Sally Warhaft, ed. - Well May We Say...

Sally Warhaft, ed.,

Well May We Say…:

The Speeches That Made Australia

Melbourne: Black Inc., 2004.

Paperback xx + 588 pp. 1 86395 277 2

What a delight! Students of Australian history are well supplied and well served by books of documents, but somehow they all share a desperately serious air of blood on the wattle. This collection of extracts from over 100 speeches certainly does not trivialise the Australian past. Indeed, its title comes from Gough Whitlam’s sober declaration of hostility to the governor-general who had just dismissed him from office.
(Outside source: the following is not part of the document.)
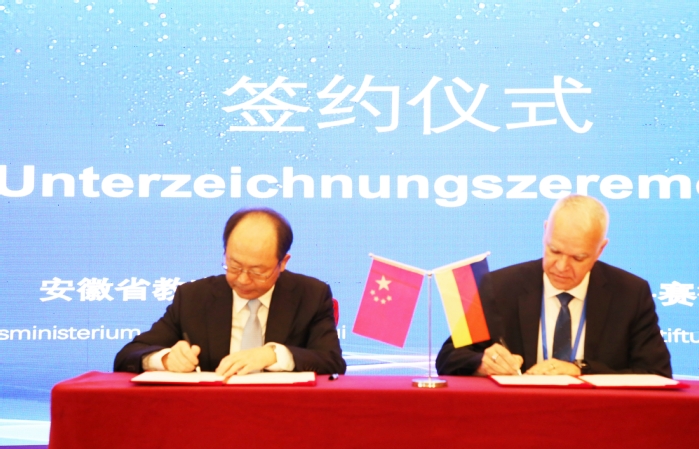 大會(huì)舉行了簽約儀式,錢桂侖和喬治·施泰德作為雙方代表簽訂了合作協(xié)議。未來雙方將圍繞“教學(xué)方案研討”、“提升教師教學(xué)以及實(shí)踐能力”、“引入以實(shí)踐為導(dǎo)向教學(xué)理念”為主題的師資培訓(xùn),建立建設(shè)能力培訓(xùn)中心,建立教學(xué)質(zhì)量管理體系等方面開展合作,進(jìn)一步增進(jìn)中德兩國在教育領(lǐng)域的交流與友誼,促進(jìn)安徽省職業(yè)教育發(fā)展。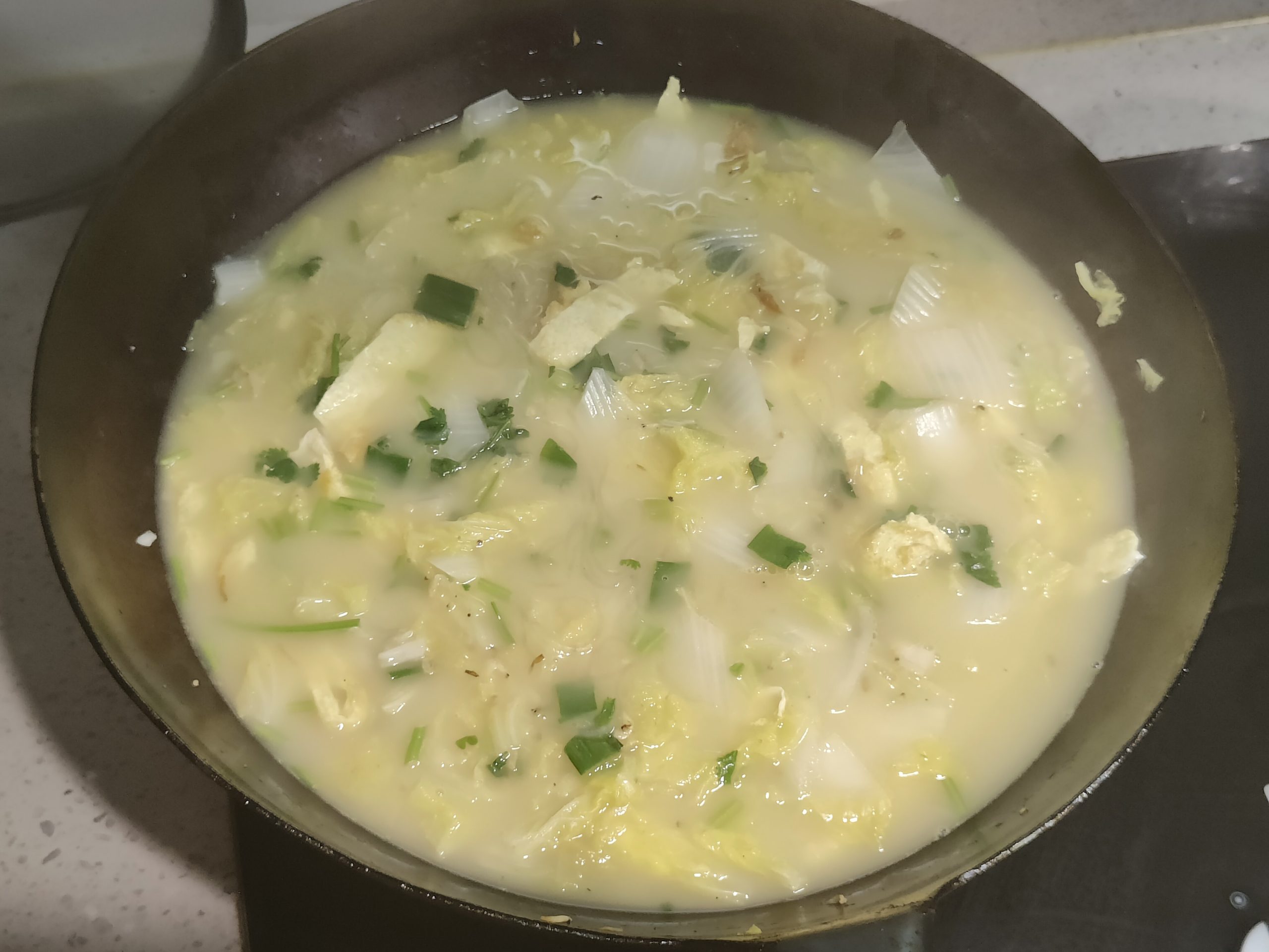 最后:别说了,找个大点的容器装起来喝吧。我真的太爱这锅汤白菜粉丝汤了,奶白的靓汤配上一个大馒头,我这颗凡人的鼻子,又闻到了人间烟的火味,就在我手中。老子又是人了哈哈哈。

There are a few more-or-less wise words from outsiders, such as the Queen and the Pope, and others from those who were embraced by their new country, such as the British teenager Ninian Stephen. Most of the material is about being Australian and feeling Australian. Of course, there are words of familiar ring: Parkes on the ‘crimson thread’, Ned Kelly in the dock, Menzies on the forgotten people, Chifley invoking the light on the hill, Arthur Calwell’s calculation that two Wongs do not make a White. There are also some of the resounding statements of the past half century, some too recent for the standard anthologies, such as Harold Holt’s pledge to LBJ and Blainey’s ‘black armband’. Grouped into nine sections, the collection runs from Governor Phillip to the Howards and Hansons of today. It would make an excellent teaching resource for a seminar on Australia and Australian identity, within the country or overseas.